À force d’exercice, j’ai fini par soigner mes écrits, les développer un peu. La narration a pris sa place, les dialogues se sont parés de guillemets et d’incises. Les retours des lecteurs, surtout, m’ont beaucoup aidée, ceux des autres auteurs aussi, car c’est un milieu assez soudé.

Au-delà du style, la fanfiction est un excellent exercice d’imagination. On croise souvent des auteurs qui se targuent d’avoir « toujours eu des histoires plein la tête dès l’enfance ». Je crois personnellement que l’imagination n’est pas innée, mais se travaille comme tout le reste. Avoir des idées peut être plus facile pour certains, mais encore faut-il savoir les exploiter, les développer, les rendre cohérentes.

C’est là que la liberté de la fanfiction est bénéfique. Qu’on se le dise : créer un monde, des personnages, une intrigue, est un exercice ardu. On griffonne, on rature, on s’énerve, on bloque. Personne ne prend un stylo un jour avec les capacités de pondre un Tolkien ou un Martin. La fanfiction a ça de beau qu’elle offre un univers déjà établi, des personnages déjà travaillés et une intrigue qui tient la route. C’est un bel arbre qu’il suffit d’élaguer pour lui donner une forme qui nous convient.

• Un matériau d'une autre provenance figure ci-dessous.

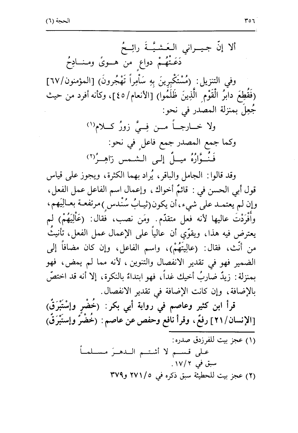 قرأ ابن كثير وعاصم في رواية أبي بكر: خضر وإستبرق [الإنسان/ 21] رفع، وقرأ نافع وحفص عن عاصم: خضر وإستبرق

Pour débuter, on peut seulement modifier légèrement l’intrigue : écrire une suite, prendre un point de vue différent, divaguer sur un « et si ça ne s’était pas déroulé ainsi ». Puis on prend des libertés, on ajoute des personnages, ou on change d’univers. Petit à petit, on perfectionne les différents mécanismes et éléments de l’écriture, on copie jusqu’à ne plus avoir besoin du modèle.

Et un jour, on finit par se lancer dans l’écrit original. Il ne sera pas parfait, il ressemblera encore beaucoup à des œuvres existantes dans tous les codes et thèmes qu’il abordera. Mais il évoluera lui aussi pour prendre une identité propre. Et tout le chemin parcouru n’aura pas été vain.

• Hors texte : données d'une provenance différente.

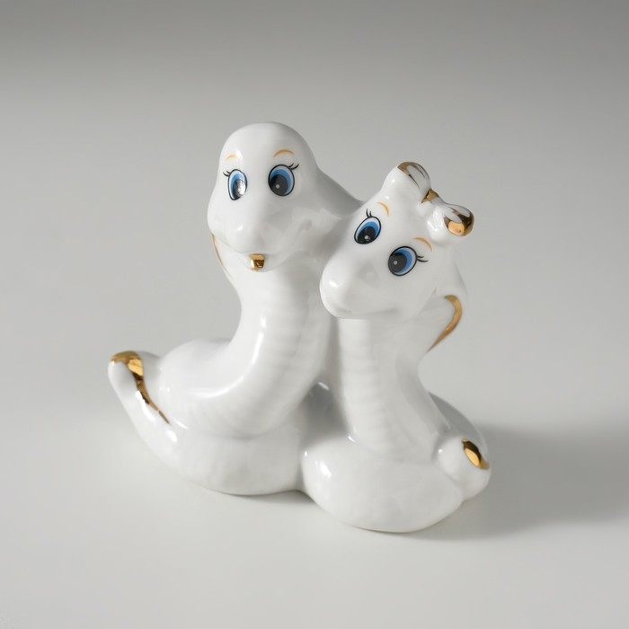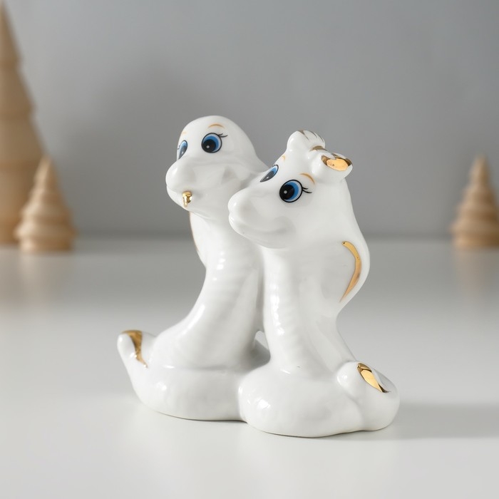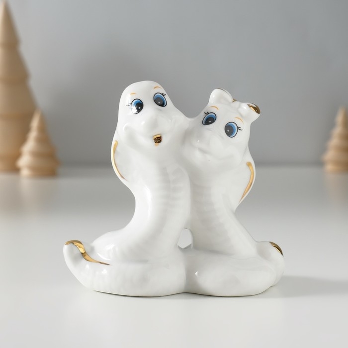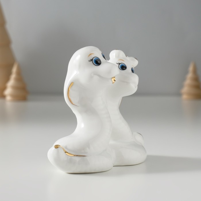 Сувенир керамика "Парочка кобр - любовь" белый с золотом 4,5х9х8 см

Quel rapport avec l’Attelage ?

Aucun, me direz-vous. Et pourtant ! Plusieurs Attelés sont passés par la fanfiction. Moi-même, bien sûr, mais aussi Maxime, Marion et Chimène.

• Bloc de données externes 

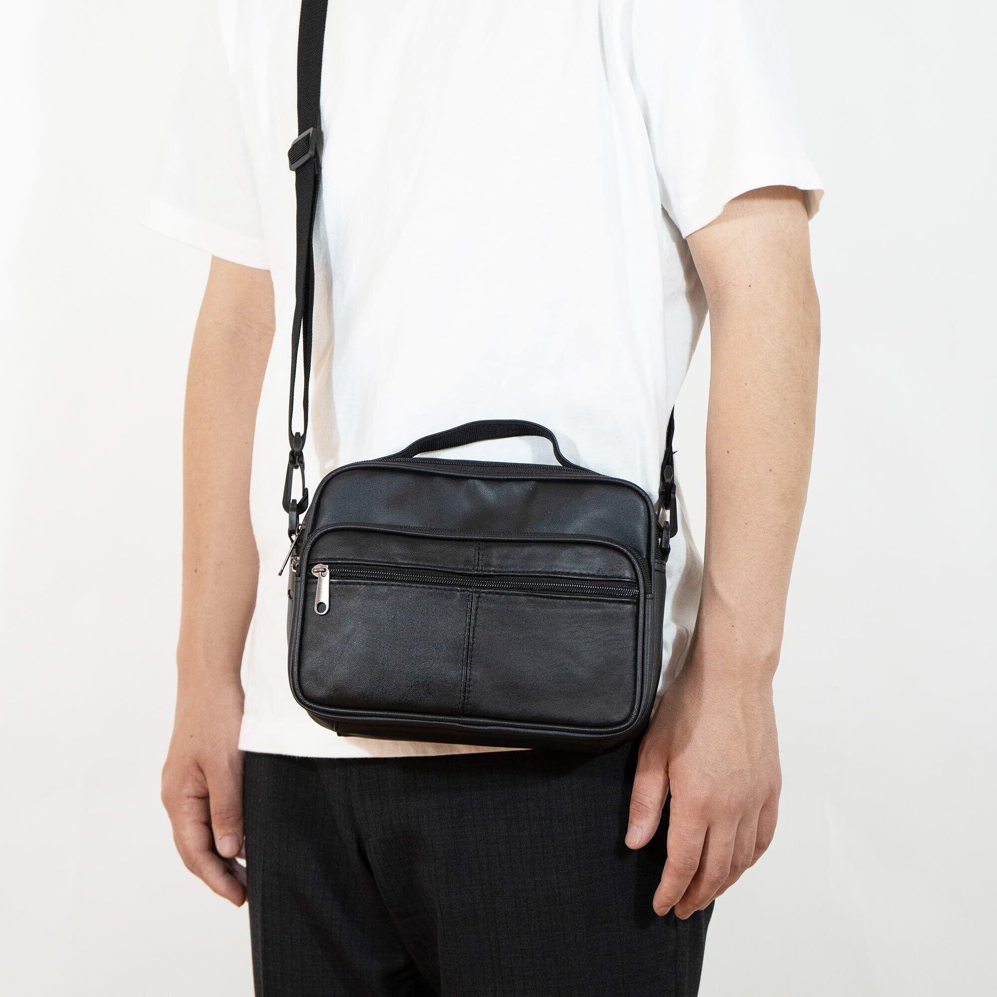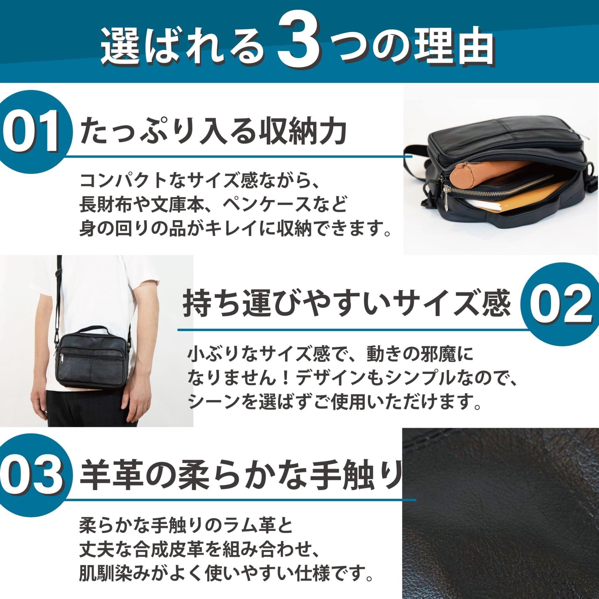 [ラッフィナート] メンズ ショルダーバッグ 小さめ 革 アウトドア 軽い レザー ハンドバッグ 2way 斜めがけ 革 サコッシュ ウエストバッグ 大容量 ボディバッグ カバン カジュアル フォーマル 旅行 黒 父の日

De plus, en dépit des écrits souvent peu qualitatifs que l’on peut rencontrer dans la fanfiction, tout n’est pas à jeter dans ce système, bien au contraire.

Le contact avec le lectorat, tout d’abord, est une valeur que nous partageons. Si nous écrivons, après tout, c’est afin de partager nos histoires avec vous. Vos avis nous tiennent à cœur et nous permettent de progresser en mettant le doigt sur les éléments qui ne fonctionnent pas.

Les publications épisodiques sont également une démarche que nous avons décidé d’adopter. C’est une décision qui va de pair avec l’envie de contact avec le lecteur. L’histoire s’écrit ainsi avec vous, pour vous, grâce à vous.

Chez l’Attelage comme dans les fanfictions, ce sont les échanges et l’envie de communauté qui nous définissent. Alors il n’y a pas à rougir de ses premières expériences : il faut les chérir et en tirer des leçons qui permettront le progrès vers un résultat à la hauteur de nos attentes.